Nothing that good, that powerful, that fast coming, can last. This is the lesson you learn after you've left, before you've learned anything else. You can go back to visit or to live another summer, but you can't drink enough to hide all the cracks that start appearing from banging yourself around with abandon. We all try anyway. We all just need a little bit of the way it was the first time. Remember that? That was the best. We're all here again, all the people who mattered anyway, so what's the problem?


If it's an apex, it's the height of stupidity. It's the summit where one side climbing is blissful irresponsibility and the slide downward is heartbreak and the reality of all the choices you made while you were still allowed to run wild. It's harder to run wild that second summer. The people, the island institutions you used to name drop about jokingly and roll your eyes start recognizing your face, feeling threatened by your presence, not sure if they want you there anymore. Is this still a game? Why is this a two-way transaction now?  They'll tighten your reigns. You see all the same places you used to run free, but you can't get to them anymore, not if you want to be allowed to stay.


It's a trap.


Once you realize you've been snared, the desperation sets in. Snared, scared animals are always the meanest. All the trapped animals biting at each other because they can't get close enough to the keeper of the keys. This is the way it is. This is the way that the 'everyone elses' act toward each other, ripping at the seems, just trying to tear someone else apart enough that no one else will notice where they're falling apart themselves.
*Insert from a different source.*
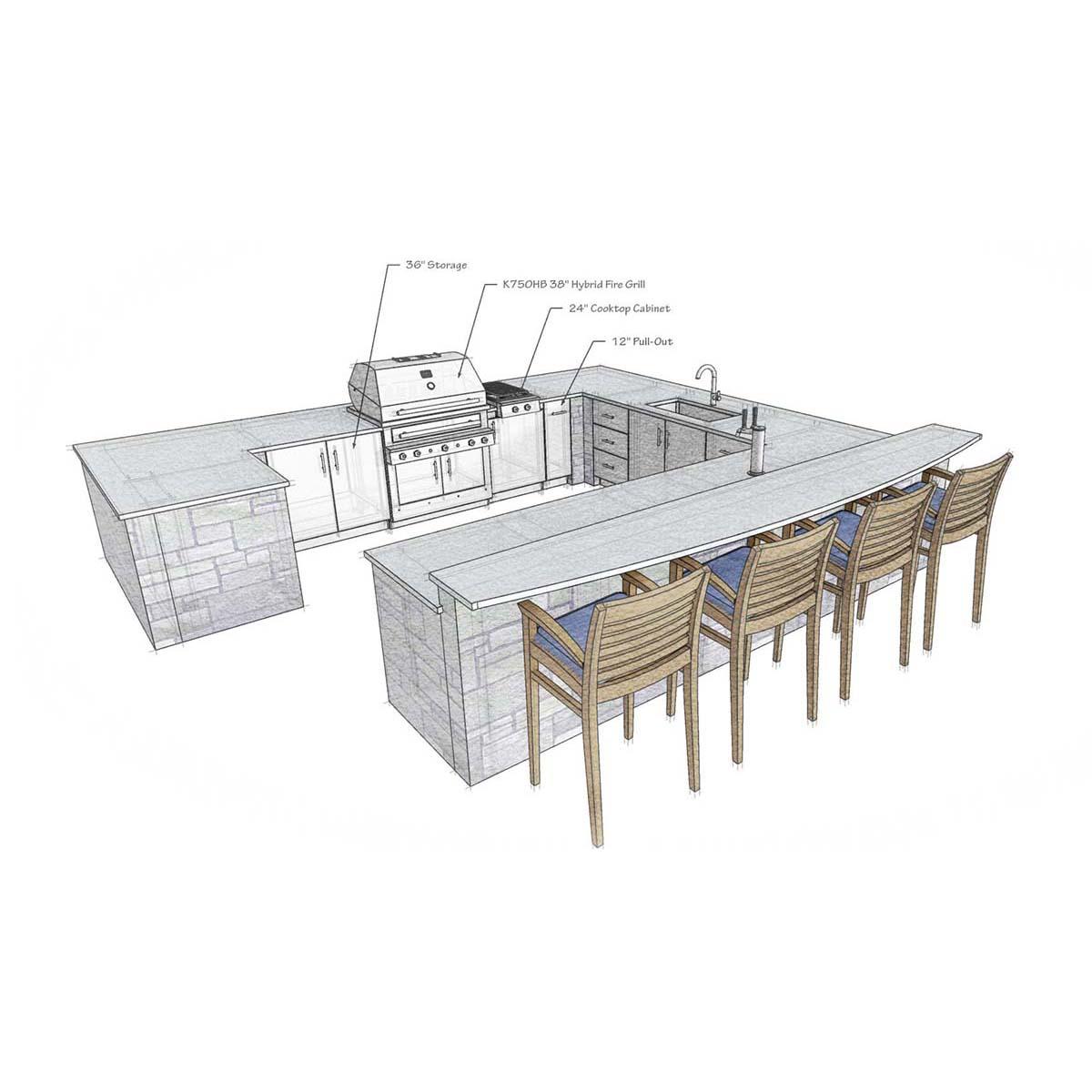 These sample layouts were developed by our outdoor kitchen design experts. It’s our experience that, for some people, a wide selection and seemingly infinite variety can be overwhelming—so, to jump-start your creativity, here are a few options that deliver a usable, enjoyable outdoor space.

Remember how much fun it used to be?


Yes, let's remember it. We'll recount it over Oberons- Remember how we used to grab them out of the cooler behind the bar after our shifts and go sit on the patio and drink them while we counted our money? Shift drinks, the first one always free. We'd compare customers and recount the night before if there hadn't been time, but there was always time, wasn't there?  We'd discuss the night stretching ahead, itching for it to start fast and crazy, but willing it to last forever, to top the last one. Plans are made according to the teams playing on the one grassy softball diamond, the island league, the amount of cash in our hands, and the hours of remaining daylight. It's an equation only we know, only we can work the solution. We're so good at this kind of math.


We laugh and laugh and do our hair and makeup side by side just as we half-assedly did when we stumbled out of bed this morning, but this time with more care. We try on clothes, but really, it doesn't matter what we're wearing. We're tan. We're pretty. We're paying. We've got each other and we're fine.


You've got to understand that all the good gets jumbled up together. The bad does the same.


The first summer I left with a full heart, the second with an empty one.


I think it's what growing up feels like.